* **WHAT YOU SHOULD DO**:
Every line of the material is to be returned verbatim. Pictures stay out.

* **PROVIDED MATERIAL**:

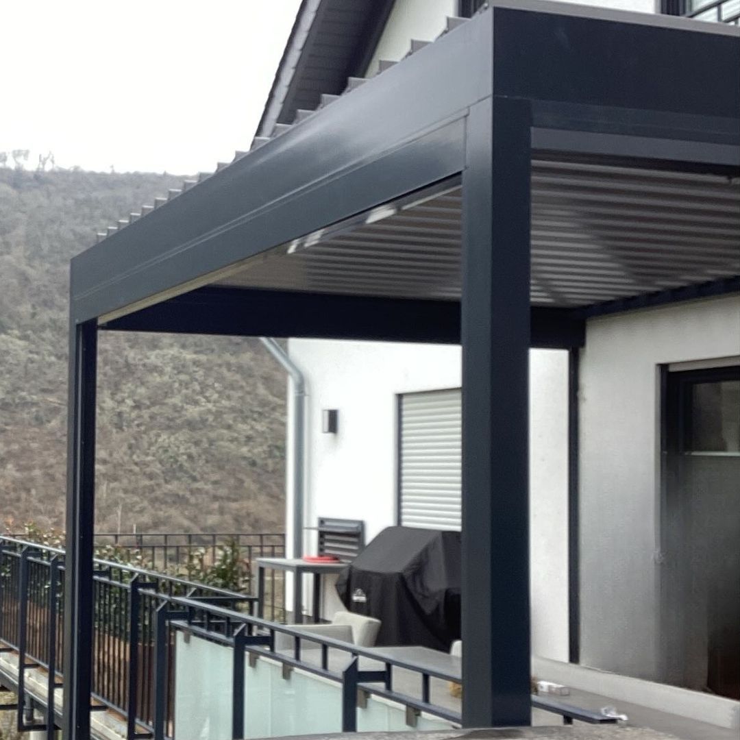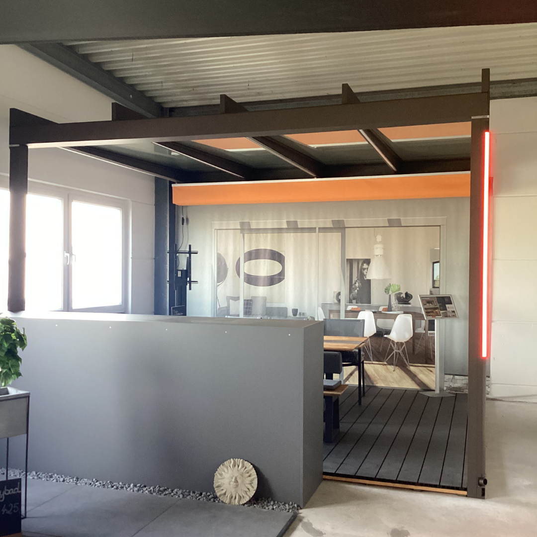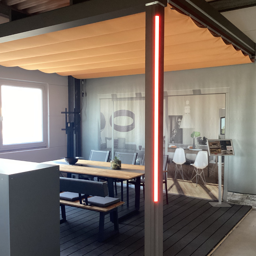 Das wunderschöne Glasdach ist der perfekte Wetterschutz für Ihr neues Outdoor-Wohnzimmer. In der Trendfarbe RAL 7016 fügt es sich in viele Außenbereiche perfekt ein. Details wie der integrierte Wasserablauf in einem der Stützpfosten machen dieses hochwertige Produkt aus. Dazu kommt die integrierte Beschattung unter dem Glasdach sowie die LED-Beleuchtung.
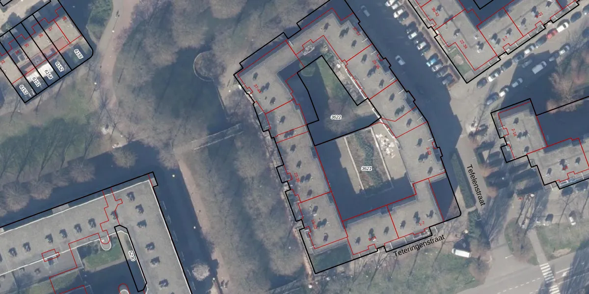 Het perceel waarop Teteringenstraat 31 staat heeft een oppervlakte van 3635 m². Dit is een zeer groot perceel. De perceeloppervlakte wordt geregistreerd door het Kadaster. Gedetailleerde informatie over de maten van dit perceel kunt u vinden in het rapport Kadastrale kaart met maatvoering van Teteringenstraat 31.
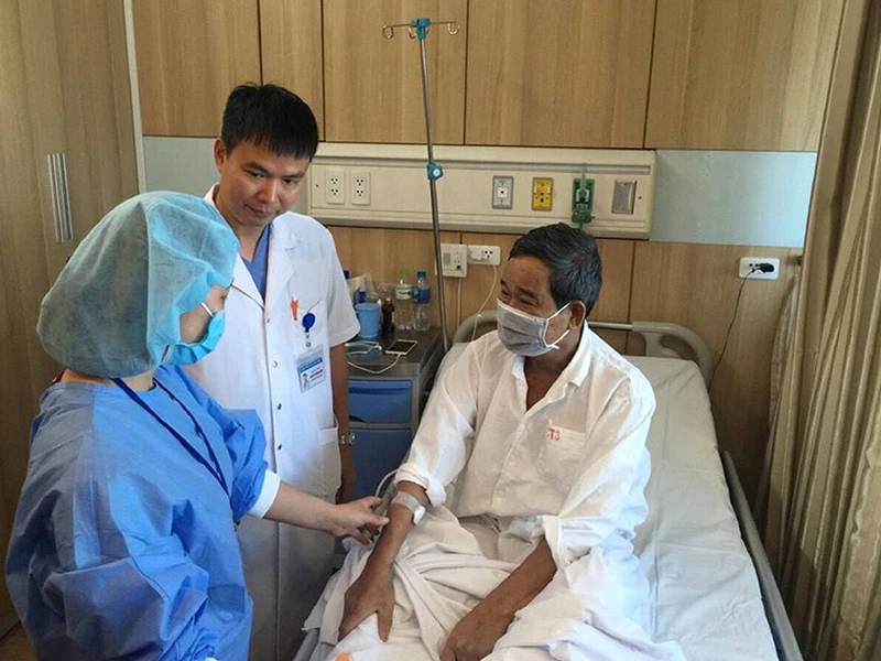 PGS-TS-BS Nguyễn Quang Nghĩa, Giám đốc Trung tâm Ghép tạng thuộc BV Việt Đức (giữa), đang thăm khám cho một bệnh nhân ghép tạng. Ảnh: HP
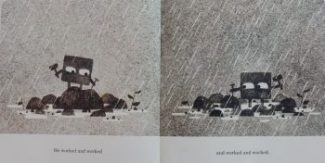 With his characteristic minimalism Klassen imbues his art with humorous detail: the twig for instance that looks like a wilted aerial on Square’s head, and the way he just keels over in utter exhaustion, are superb.
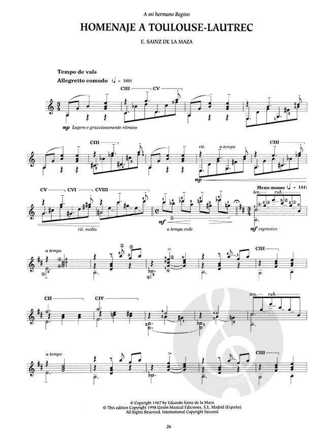 Eduardo Sainz de la Maza was both a successful guitarist and important composer. Although well known for his arrangements of Spanish folk songs, it is his original works which are seen as most significant today. His musical language is described as eclectic, combining impressionistic influences with Spanish musical traditions. Jazz was also an influence, although much of his music is described as intimate and lyrical, as depicted by Platero y yo Suiteone of the most notable compositions for the guitar of the 20th Century, within this unique collection of works.
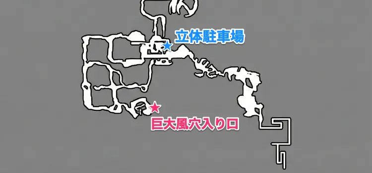市街地の南に巨大風穴の入り口があるので、立体駐車場のヤドリギから移動しよう。
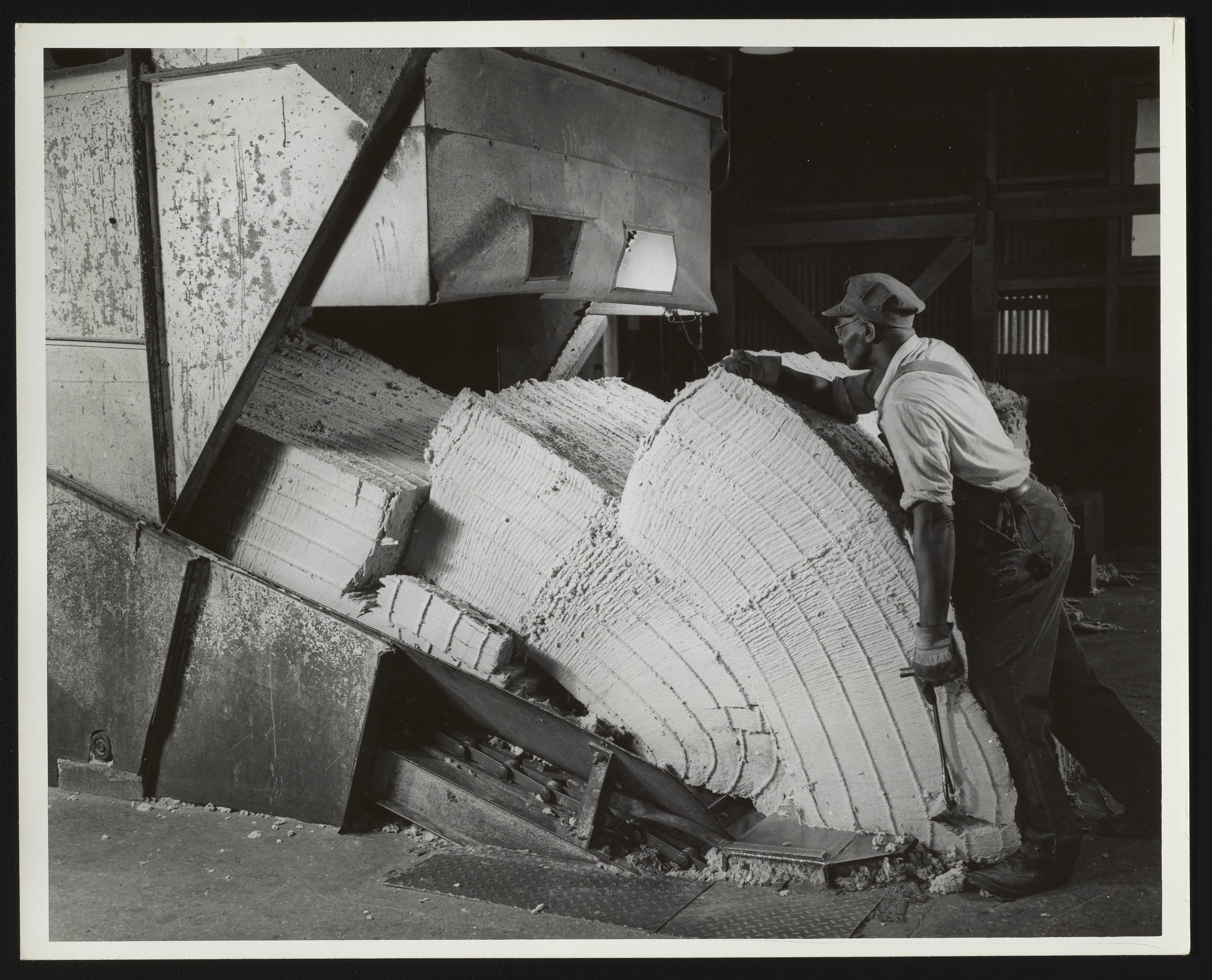 Hercules Incorporated. “Paul F. Brown Operating Bale Breaking Machine at Hercules Hopewell Plant,” 1951. Photographs from the Records & Ephemera of Hercules Incorporated, Box 1, Folder 36. Science History Institute. Philadelphia. https://digital.sciencehistory.org/works/zw12z596t.

* **YOUR SOLUTION**:
 Das wunderschöne Glasdach ist der perfekte Wetterschutz für Ihr neues Outdoor-Wohnzimmer. In der Trendfarbe RAL 7016 fügt es sich in viele Außenbereiche perfekt ein. Details wie der integrierte Wasserablauf in einem der Stützpfosten machen dieses hochwertige Produkt aus. Dazu kommt die integrierte Beschattung unter dem Glasdach sowie die LED-Beleuchtung.
 Het perceel waarop Teteringenstraat 31 staat heeft een oppervlakte van 3635 m². Dit is een zeer groot perceel. De perceeloppervlakte wordt geregistreerd door het Kadaster. Gedetailleerde informatie over de maten van dit perceel kunt u vinden in het rapport Kadastrale kaart met maatvoering van Teteringenstraat 31.
 PGS-TS-BS Nguyễn Quang Nghĩa, Giám đốc Trung tâm Ghép tạng thuộc BV Việt Đức (giữa), đang thăm khám cho một bệnh nhân ghép tạng. Ảnh: HP
 With his characteristic minimalism Klassen imbues his art with humorous detail: the twig for instance that looks like a wilted aerial on Square’s head, and the way he just keels over in utter exhaustion, are superb.
 Eduardo Sainz de la Maza was both a successful guitarist and important composer. Although well known for his arrangements of Spanish folk songs, it is his original works which are seen as most significant today. His musical language is described as eclectic, combining impressionistic influences with Spanish musical traditions. Jazz was also an influence, although much of his music is described as intimate and lyrical, as depicted by Platero y yo Suiteone of the most notable compositions for the guitar of the 20th Century, within this unique collection of works.
市街地の南に巨大風穴の入り口があるので、立体駐車場のヤドリギから移動しよう。
 Hercules Incorporated. “Paul F. Brown Operating Bale Breaking Machine at Hercules Hopewell Plant,” 1951. Photographs from the Records & Ephemera of Hercules Incorporated, Box 1, Folder 36. Science History Institute. Philadelphia. https://digital.sciencehistory.org/works/zw12z596t.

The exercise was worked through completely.